• [HOW TO COMPLETE THIS TASK]: All of the records below are to be printed exactly; the pictures are to be left out.

• [DATA PROVIDED]:
============================================================
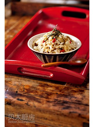 5 启动煮饭功能,待饭煲煮好后,打开盖子,用饭勺搅拌均匀,撒上海苔丝即可。
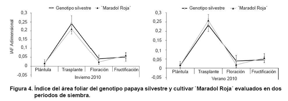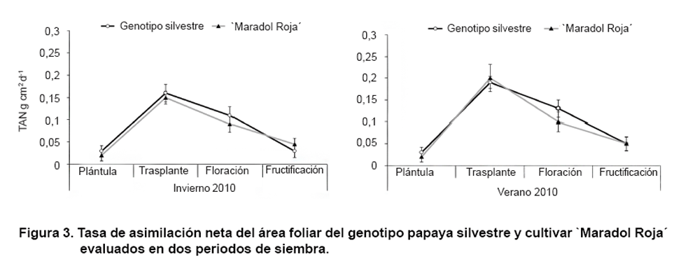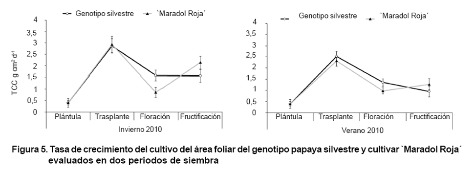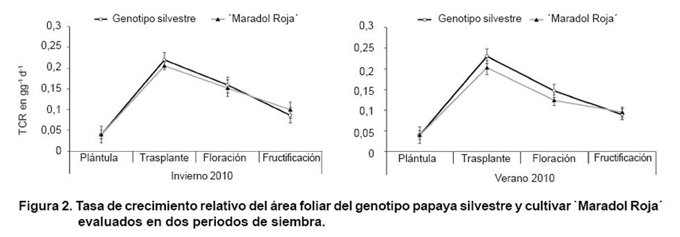 Análisis del crecimiento de un genotipo silvestre de Carica papaya L. cultivado ex situ y cv. `Maradol Roja´
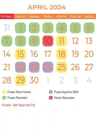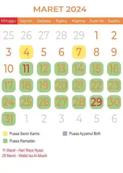 Template kalender puasa 2024, Versi yang lebih simple, cocok sekali buat anda yang ingin cetak kalender yang bermanfat buat umat.
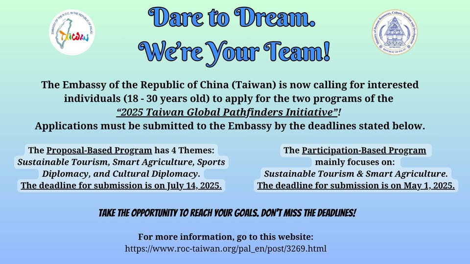 Dare to Dream! We’re your team! Dear Palau youths, 18-30 year-old, welcome to explore a journey in Taiwan. Taiwan Global Pathfinders Initiative is calling applications for Taiwan Dreamer Program, Participation-based program and a Proposal-based program.
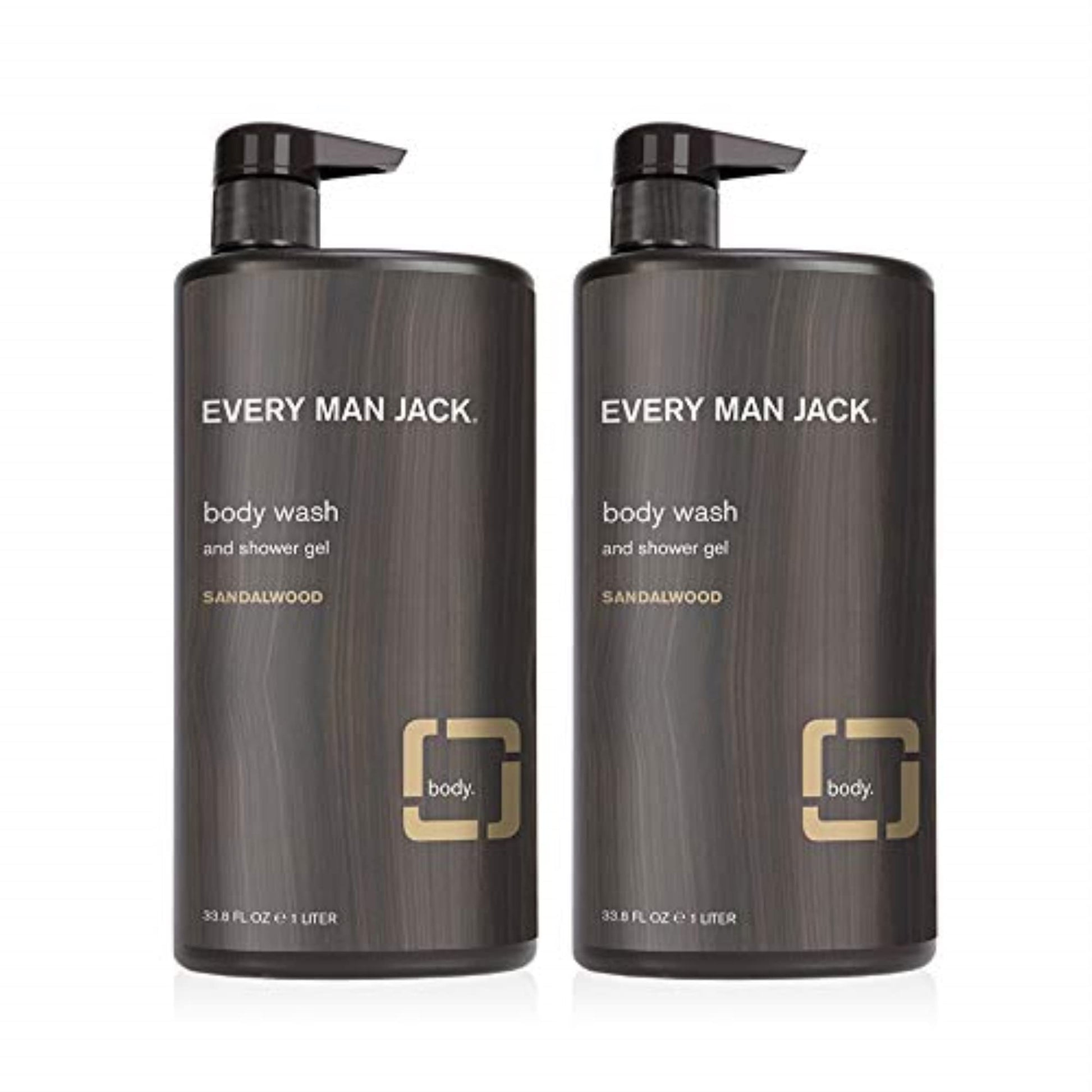 Every Man Jack Mens Sandalwood Body Wash for All Skin Types - Cleanse, Nourish, and Hydrate Your Skin with Naturally Derived Coconut and Glycerin - 2 Bottle
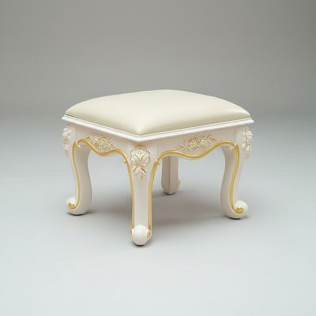 Ce repose pied se caractérise par son coussin rembourré de couleur crème et sa structure sculptée avec des détails dorés. Il est conçu pour s'intégrer dans des intérieurs de style classique ou vintage, que ce soit dans un salon ou une zone de dressing.
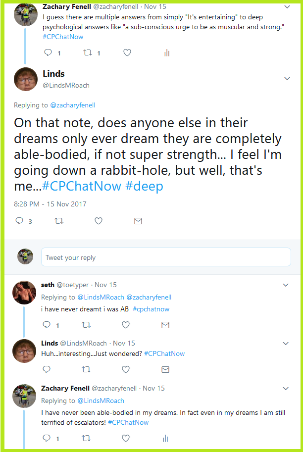 Dreams emerged another popular topic during the chat November 15th. Seth wondered why so many guys with CP watch wrestling. In my response I suggested a possible “sub-conscious urge to be as muscular and strong.” That idea led Linds to transition the topic to dreams.
============================================================
• [RESPONSE]:
 5 启动煮饭功能,待饭煲煮好后,打开盖子,用饭勺搅拌均匀,撒上海苔丝即可。
 Análisis del crecimiento de un genotipo silvestre de Carica papaya L. cultivado ex situ y cv. `Maradol Roja´
 Template kalender puasa 2024, Versi yang lebih simple, cocok sekali buat anda yang ingin cetak kalender yang bermanfat buat umat.
 Dare to Dream! We’re your team! Dear Palau youths, 18-30 year-old, welcome to explore a journey in Taiwan. Taiwan Global Pathfinders Initiative is calling applications for Taiwan Dreamer Program, Participation-based program and a Proposal-based program.
 Every Man Jack Mens Sandalwood Body Wash for All Skin Types - Cleanse, Nourish, and Hydrate Your Skin with Naturally Derived Coconut and Glycerin - 2 Bottle
 Ce repose pied se caractérise par son coussin rembourré de couleur crème et sa structure sculptée avec des détails dorés. Il est conçu pour s'intégrer dans des intérieurs de style classique ou vintage, que ce soit dans un salon ou une zone de dressing.
 Dreams emerged another popular topic during the chat November 15th. Seth wondered why so many guys with CP watch wrestling. In my response I suggested a possible “sub-conscious urge to be as muscular and strong.” That idea led Linds to transition the topic to dreams.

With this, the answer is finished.